» DATA SECTION
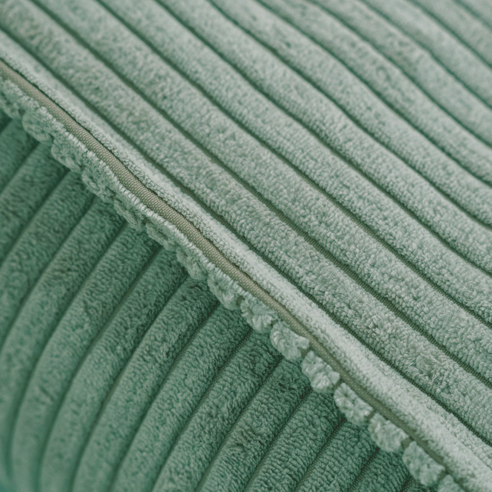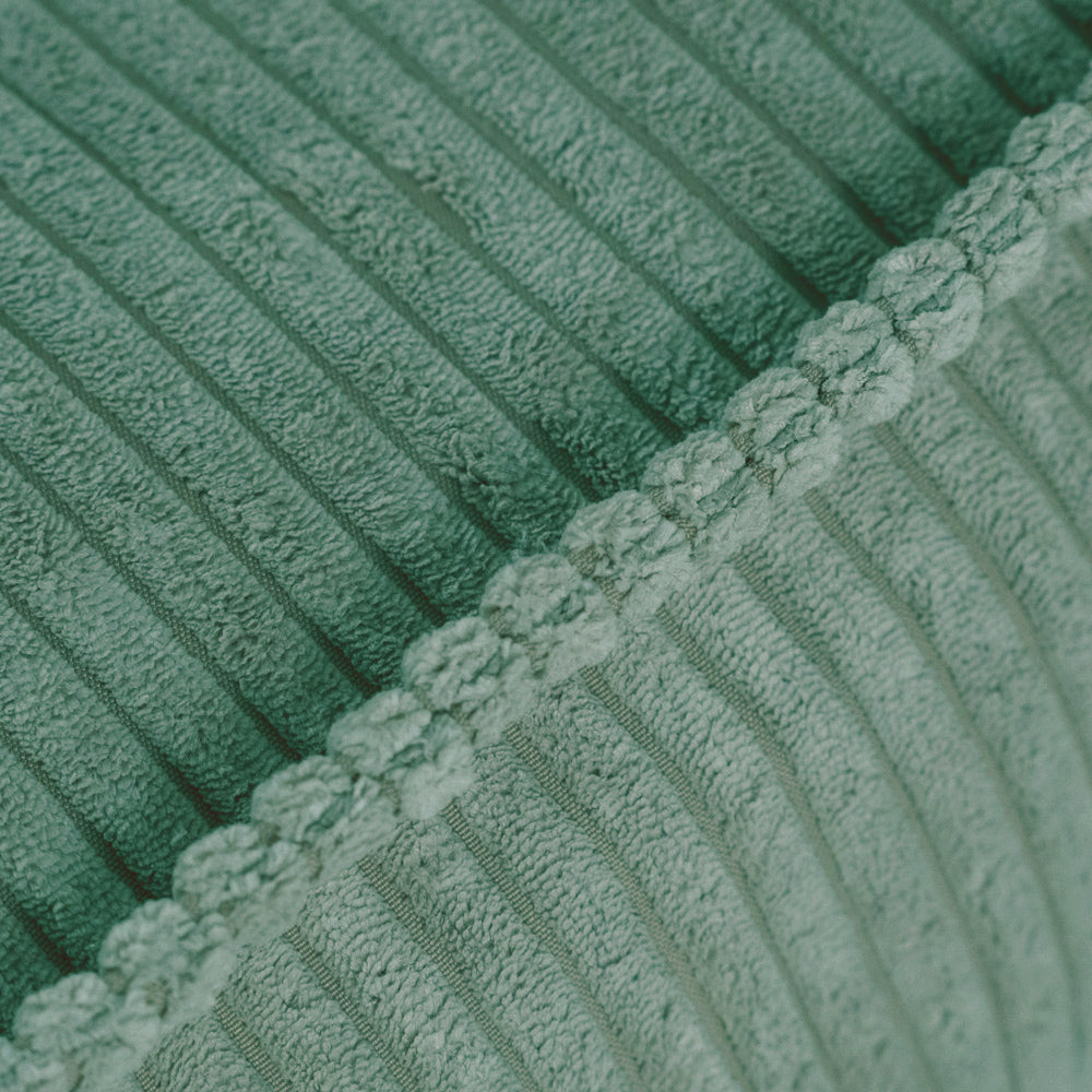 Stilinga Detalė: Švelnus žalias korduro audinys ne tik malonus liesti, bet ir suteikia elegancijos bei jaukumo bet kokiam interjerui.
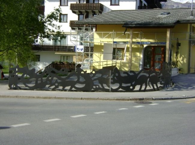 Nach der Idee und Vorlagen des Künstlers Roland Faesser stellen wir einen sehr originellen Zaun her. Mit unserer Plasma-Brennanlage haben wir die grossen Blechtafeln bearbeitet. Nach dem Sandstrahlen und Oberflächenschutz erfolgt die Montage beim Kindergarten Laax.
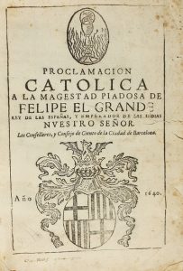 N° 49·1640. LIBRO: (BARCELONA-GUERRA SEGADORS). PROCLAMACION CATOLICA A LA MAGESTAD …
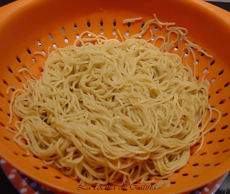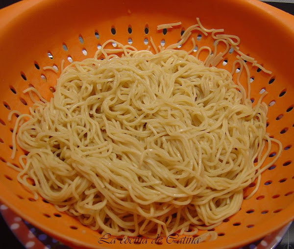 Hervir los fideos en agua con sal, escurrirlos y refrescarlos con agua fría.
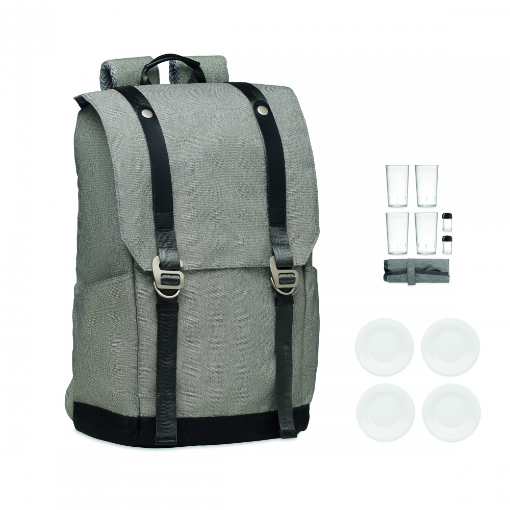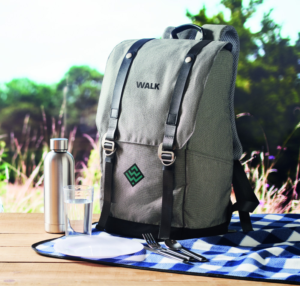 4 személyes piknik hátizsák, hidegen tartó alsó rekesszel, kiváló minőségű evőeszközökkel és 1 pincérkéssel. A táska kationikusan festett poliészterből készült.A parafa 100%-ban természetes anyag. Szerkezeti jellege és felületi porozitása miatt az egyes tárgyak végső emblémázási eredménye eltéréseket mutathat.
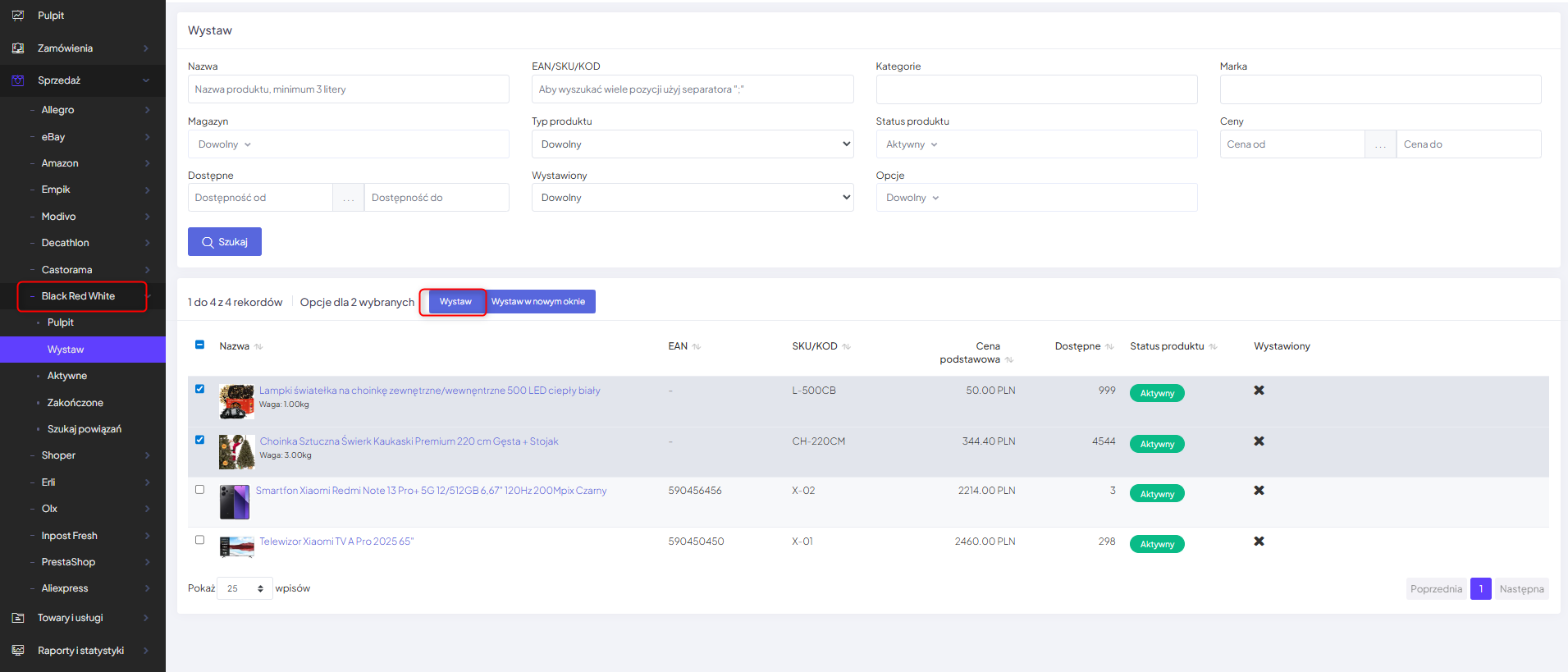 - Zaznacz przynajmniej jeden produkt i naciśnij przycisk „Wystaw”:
--
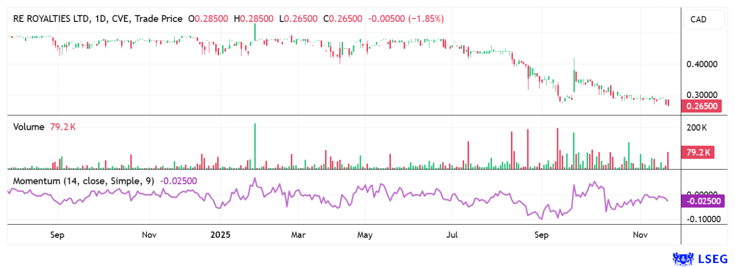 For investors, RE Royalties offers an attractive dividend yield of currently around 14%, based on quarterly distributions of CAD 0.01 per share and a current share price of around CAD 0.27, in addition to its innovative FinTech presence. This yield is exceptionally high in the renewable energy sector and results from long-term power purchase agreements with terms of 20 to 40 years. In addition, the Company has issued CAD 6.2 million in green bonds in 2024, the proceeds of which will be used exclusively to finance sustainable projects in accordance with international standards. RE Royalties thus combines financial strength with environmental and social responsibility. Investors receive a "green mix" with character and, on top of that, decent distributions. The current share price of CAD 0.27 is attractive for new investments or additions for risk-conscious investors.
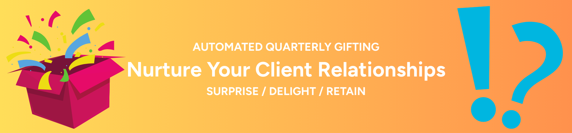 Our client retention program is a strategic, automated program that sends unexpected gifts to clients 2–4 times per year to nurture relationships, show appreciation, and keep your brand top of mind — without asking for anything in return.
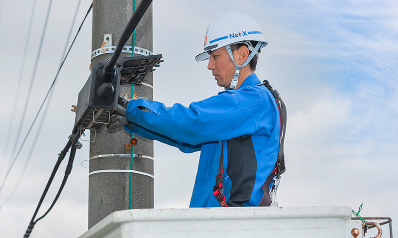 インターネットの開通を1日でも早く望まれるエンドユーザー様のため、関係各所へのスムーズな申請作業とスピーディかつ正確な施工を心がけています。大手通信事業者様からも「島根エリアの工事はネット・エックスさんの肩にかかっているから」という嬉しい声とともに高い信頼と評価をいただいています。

» EXERCISE REQUIREMENTS
Using the listing above, reproduce word for word every line from the one containing "Stilinga Detalė: Švelnus" through the one containing "Hervir los fideos". Pictures must be left out.

» REPLY TO THE TASK
 Stilinga Detalė: Švelnus žalias korduro audinys ne tik malonus liesti, bet ir suteikia elegancijos bei jaukumo bet kokiam interjerui.
 Nach der Idee und Vorlagen des Künstlers Roland Faesser stellen wir einen sehr originellen Zaun her. Mit unserer Plasma-Brennanlage haben wir die grossen Blechtafeln bearbeitet. Nach dem Sandstrahlen und Oberflächenschutz erfolgt die Montage beim Kindergarten Laax.
 N° 49·1640. LIBRO: (BARCELONA-GUERRA SEGADORS). PROCLAMACION CATOLICA A LA MAGESTAD …
 Hervir los fideos en agua con sal, escurrirlos y refrescarlos con agua fría.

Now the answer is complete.